Common pandoc Commands

# Markdown to Word
pandoc input.md -o output.docx

# Markdown to PDF with xelatex (better Unicode support - TRY FIRST)
pandoc input.md -o output.pdf --pdf-engine=xelatex

# Markdown to PDF with wkhtmltopdf (fallback if xelatex unavailable)
pandoc input.md -o output.pdf --pdf-engine=wkhtmltopdf

# Markdown to HTML
pandoc input.md -o output.html

# With custom template
pandoc input.md --template=template.html -o output.html

# With metadata
pandoc input.md -o output.pdf --metadata title="Document Title"

Troubleshooting

  • PDF generation fails with encoding error:

    • Use the sanitized markdown file (Step 2)
    • Try xelatex first (better Unicode support, more common in containers):
      --pdf-engine=xelatex
    • Capture full stderr with
      2>&1
      and examine the error before retrying
    • Then retry with wkhtmltopdf as fallback:
      --pdf-engine=wkhtmltopdf
  • PDF generation fails: LaTeX not found:

    • Install LaTeX:
      apt-get install texlive-latex-recommended texlive-fonts-recommended
    • Preferred: Use
      --pdf-engine=xelatex
      (often pre-installed in containers)
    • Fallback: Use
      --pdf-engine=wkhtmltopdf
      if xelatex unavailable
  • xelatex not found: Install with

    apt-get install texlive-xetex
    or use wkhtmltopdf fallback

  • wkhtmltopdf not found: Install with

    apt-get install wkhtmltopdf

  • DOCX formatting issues: Add

    --reference-doc=template.docx
    for custom styles

  • Unicode/encoding errors in any format:

    • Add
      -f markdown+utf8
      to pandoc command
    • Ensure source file is UTF-8 encoded:
      file -i source.md
  • Special characters not rendering in PDF:

    • Use the character replacement table above
    • Create sanitized version before PDF conversion
    • Use xelatex engine for better Unicode font support
  • Missing pandoc: Install via

    apt-get install pandoc
    or
    brew install pandoc

  • Engine failures not diagnosed: Always append

    2>&1
    to capture stderr, examine output before retrying with different engine

Unicode Sanitization Script (Optional)

For repeated use, create a reusable sanitization script:

#!/bin/bash
# sanitize_for_pdf.sh - Replace problematic unicode chars for LaTeX/PDF
if [ -z "$1" ]; then
  echo "Usage: $0 <input.md> [output.md]"
  exit 1
fi
INPUT="$1"
OUTPUT="${2:-${1%.md}_sanitized.md}"

sed -e 's/—/--/g' \
    -e 's/–/-/g' \
    -e 's/"([^"]*)"/"\1"/g' \
    -e 's/'([^']*)/'\1'/g' \
    -e 's/…/.../g' \
    -e 's/→/->/g' \
    -e 's/←/<-/g' \
    -e 's/✓/[x]/g' \
    -e 's/✗/[ ]/g' \
    -e 's/©/(c)/g' \
    -e 's/®/(r)/g' \
    -e 's/™/(tm)/g' \
    "$INPUT" > "$OUTPUT"

echo "Sanitized: $INPUT -> $OUTPUT"

Save as

sanitize_for_pdf.sh
, make executable with
chmod +x sanitize_for_pdf.sh
, then use:

run_shell
command: ./sanitize_for_pdf.sh /tmp/document_source.md /tmp/document_source_sanitized.md

When to Return to shell_agent

After successfully completing the manual workflow once, you can attempt

shell_agent
again for similar tasks, now with a known-working fallback if errors recur.
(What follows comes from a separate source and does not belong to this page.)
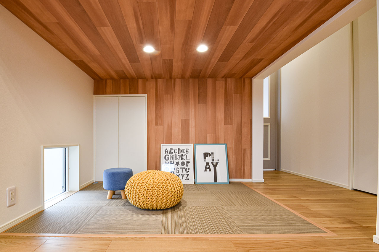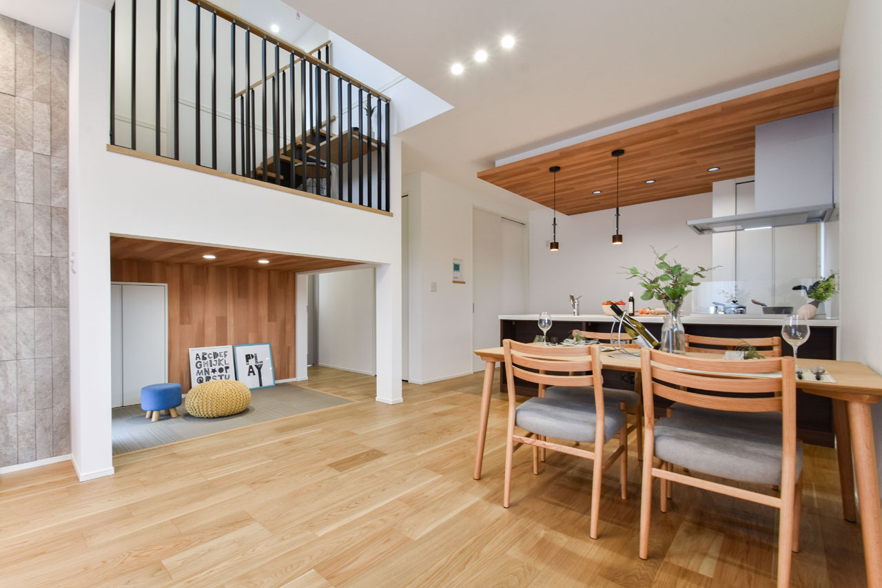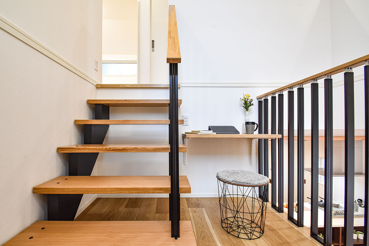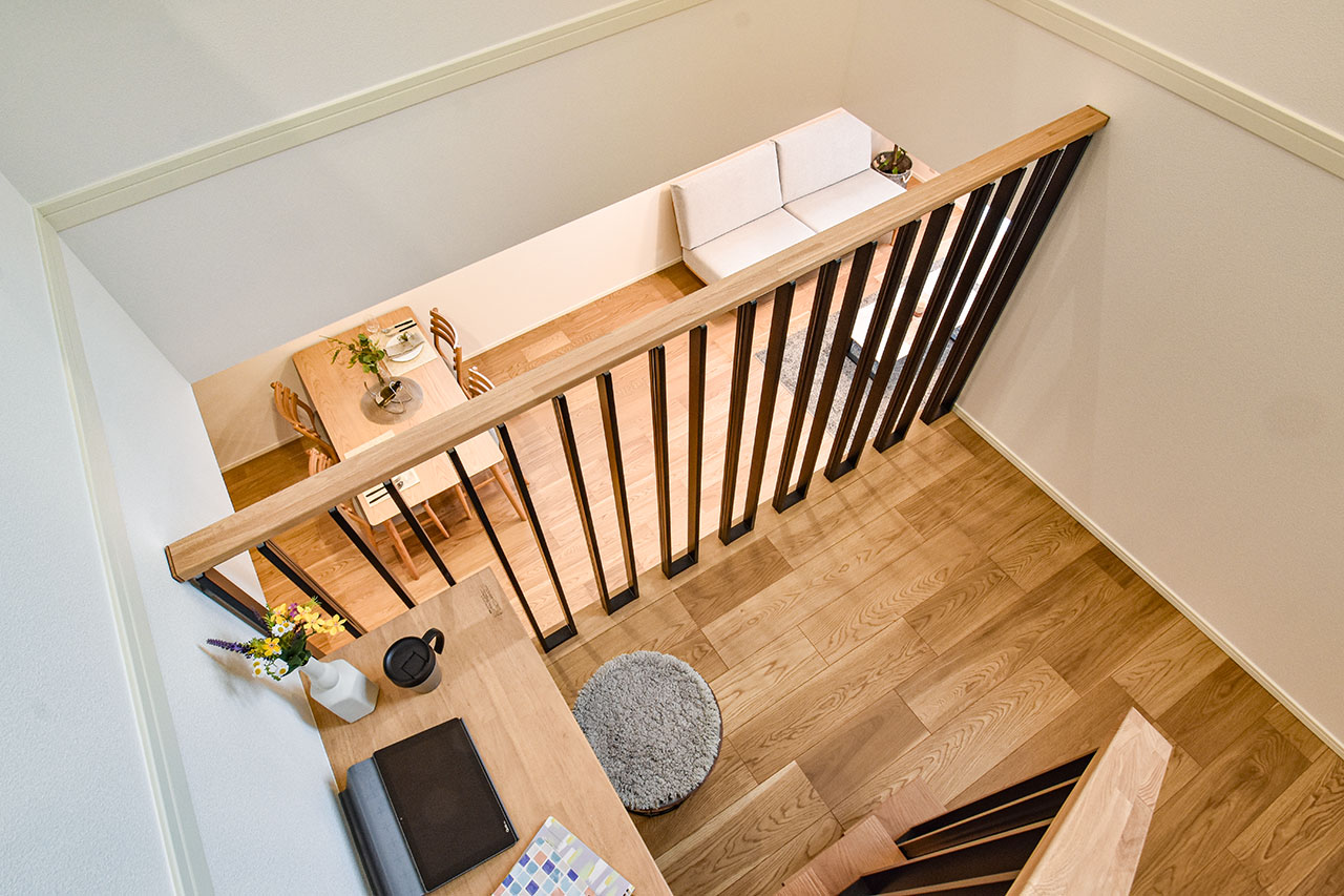 リビング階段の踊り場を利用したステージリビング。子どもが遊んだり、リビング学習をしたりと、リビングに子ども達の居場所を創るスペースです。もちろん、家族が自由に使えるスペースとして、様々なライフシーンを個性的に紡ぐアイデア空間です。

For documents with heavy Unicode content, consider always using the manual workflow with sanitization.

Related Skills

  • document-gen-fallback
    : Original fallback workflow without Unicode guidance
  • Use this skill when your documents contain special characters, symbols, or non-ASCII text that may cause LaTeX/PDF conversion issues Return to
    shell_agent
    in these scenarios:
  1. Environment diagnostics fail - If pandoc or PDF engines are unavailable and installation isn't possible
  2. Multiple tools returning 'unknown error' - Suggests broader environment issue; shell_agent may have different access
  3. After successful manual completion - For similar future tasks, try shell_agent first with this workflow as fallback
  4. Simple documents - For straightforward documents without complex Unicode, shell_agent is often sufficient
  5. Time-sensitive tasks - When you need quick results and can accept some formatting uncertainty

For documents with heavy Unicode content, consider always using the manual workflow with sanitization, but only after confirming the toolchain is available.